Then came the questions. Usually, the middle of the night is when I find myself thinking about this cancer and why it happened. It's not, "Why me?" Not at all. It's more, "What did I do or not do that caused this?"
I remember talking to a friend who was diagnosed with breast cancer. She was really beating herself up about it. She lamented that she hadn't eaten healthier food, that she hadn't exercised more or stayed away from stress, or slept for eight hours each night.
And I (wisely) said, "It's not your fault. It just happened. Or if there were things that contributed to it, that was then, and this is now. Forget it. What you do from here on is all that matters."
Wondering what caused my esophageal cancer
This is my second cancer diagnosis, and I can't help but remember that old saying:" Cheat me once, shame on you. Cheat me twice, shame on me. "
Do I have cancer because I smoked when I was younger? Is it because I don't eat healthy enough? Is it because I allowed myself to go through some very stressful years? Is it because I didn't exercise enough? Is it because I didn't get my acid reflux checked out when I first experienced it?
It's a fine line I walk between, "You screwed up, Mary, and you need to fix this," and, "There is nothing I did or can do." But I do believe the truth is somewhere in the middle.

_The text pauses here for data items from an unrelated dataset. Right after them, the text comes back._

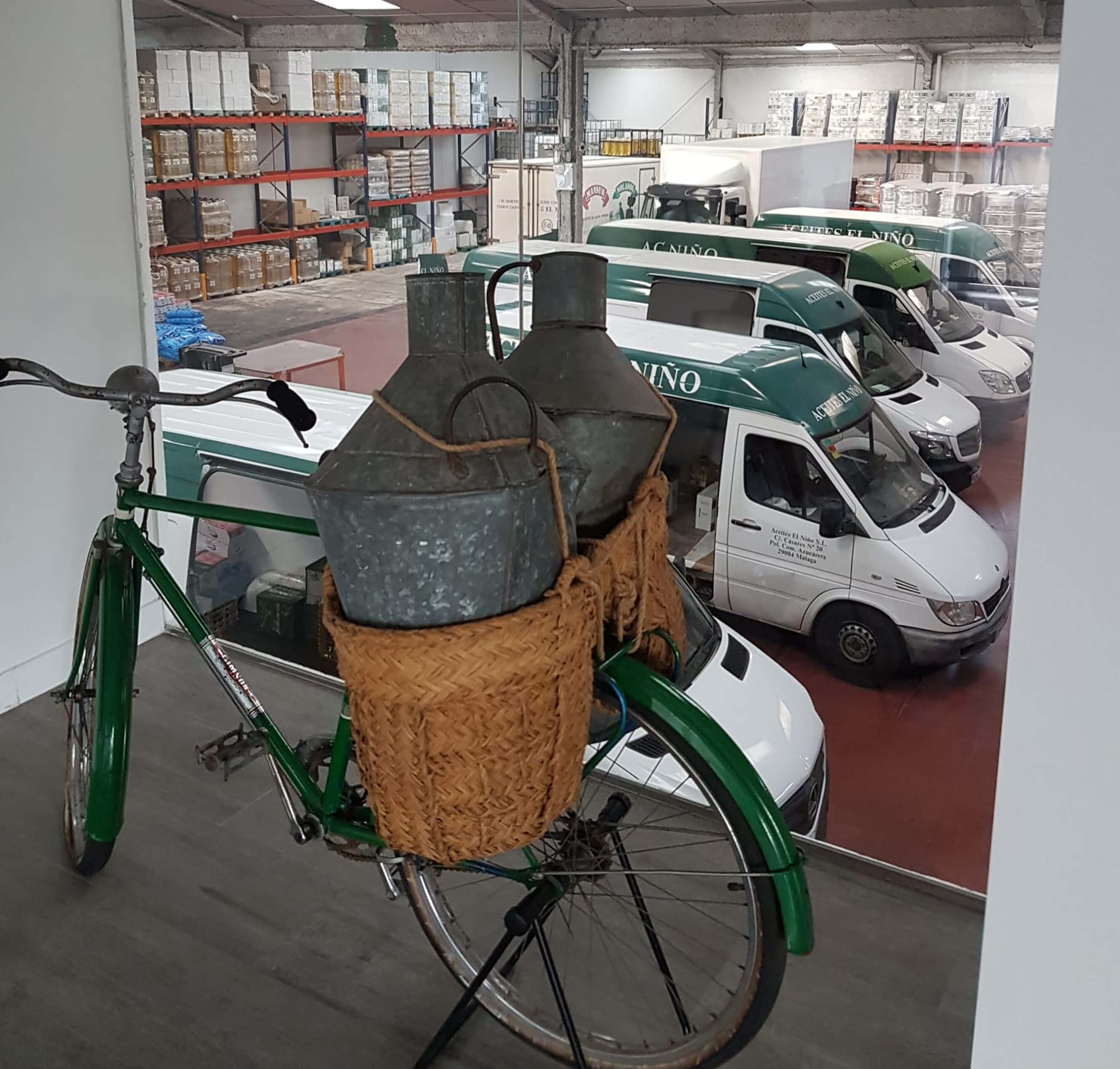 Actualmente, Aceites El Niño opera desde una nave de 1.700 m² en el Polígono Comercial La Azucarera, en Málaga. Contamos con un equipo de 22 personas y una flota de once vehículos que realizan el reparto por toda la provincia malagueña y Andalucía. Más de siete décadas después, seguimos ofreciendo un servicio exclusivo y cercano, manteniendo vivos los valores con los que empezamos.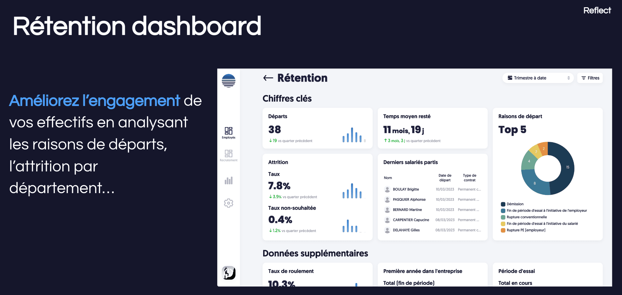 Grâce à cet outil, vous pourrez piloter efficacement vos indicateurs clés en matière de recrutement, d’évolutions de carrière, de calcul de turnover et de satisfaction client. En tant que décideur, vous avez besoin d’indicateurs pertinents pour prendre des décisions stratégiques basées sur des données concrètes. C’est pourquoi Reflect vous fournit des tableaux de bord personnalisés pour suivre la performance de vos processus RH en temps réel. Ces tableaux de bord vous permettent d’identifier les tendances, les écarts et les indicateurs de performance clés KPI pour mieux piloter vos activités. Grâce à Reflect, vous pourrez choisir les indicateurs les plus pertinents pour mesurer l’efficacité de vos actions et atteindre les objectifs fixés.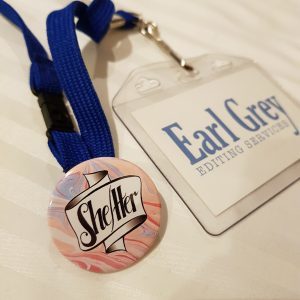 It wasn’t entirely necessary, since the con’s name tags had a space for including pronouns: a wonderfully inclusive touch.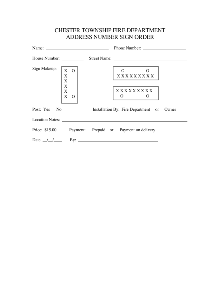 CHESTER TOWNSHIP FIRE DEPARTMENT ADDRESS NUMBER SIGN ORDER Name: ___ House Number: ___ Sign Makeup:Post: Street Name: ___X O × × × × X Homophone Number: ___O XXXXXXXXX O Installation By: Fire
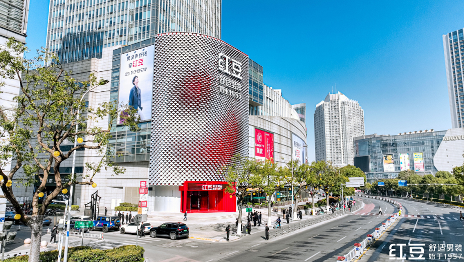 今年2月,紅豆男裝第六代門店——1000平米的無錫中山路紅豆男裝超級旗艦店揭幕,門店由法國設計師托馬斯傾力打造。作為全新概念的旗艦店,別具特色的“中國紅”門頭採用35米高、68根龍骨,2680個銀色葉片組成,內部陳列上,展示了數字經濟時代的消費場景,及企業在數字經濟方面的快速發展和積極實踐。“從Logo到門頭,乃至陳列等等,一切細節都生動闡釋了紅豆的個性、調性和定位,詮釋了紅豆打造‘舒適經典男裝’的極致追求。”發佈會上,托馬斯這樣解讀紅豆男裝舒適空間設計的內涵。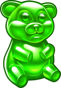 Símbolos de maior valor (estrela verde, jujuba roxa, coração laranja e bola rosa):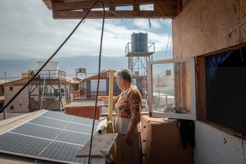 “Uno de mis nietos, el de 12 años, me dijo hace unos días: estoy feliz, ahora tengo luz, puedo ver tele, puedo hacer mis tareas, y no levantarme a las 6 de la mañana a echar a andar el motor. Igual que una vecina de la tercera edad, que un día me llamó llorando, ya que ella ni siquiera tenía un generador y tenía que esperar a que llegara un vecino para que le prestara electricidad. Entonces las emociones para esta comunidad con la instalación de los paneles han sido tremendas y estamos todos muy agradecidos”, contó Gelda Ábalos, presidenta de la Junta de Vecinos.

Whether or not I could have prevented this with healthier living through the years isn't relevant (except to any young people reading this who might want to think about it). It remains to be seen whether or not my visualization, prayer, positive attitude, exercise, meditation, healthy eating (apple crisp for breakfast?) etc. will determine my outcome.
It's all a part of the pie
What I really believe is that everything counts. What we do, what we don't do, what we think, what we believe. Everything is a piece of the pie. If I get well, I will have had a part in that healing, and if I don't get well, I will have had a part in that, too. But just a part.
So much is beyond our understanding. Whether we understand or not, my job is to not look back, but to look forward, and put one foot in front of the other, grateful for each day.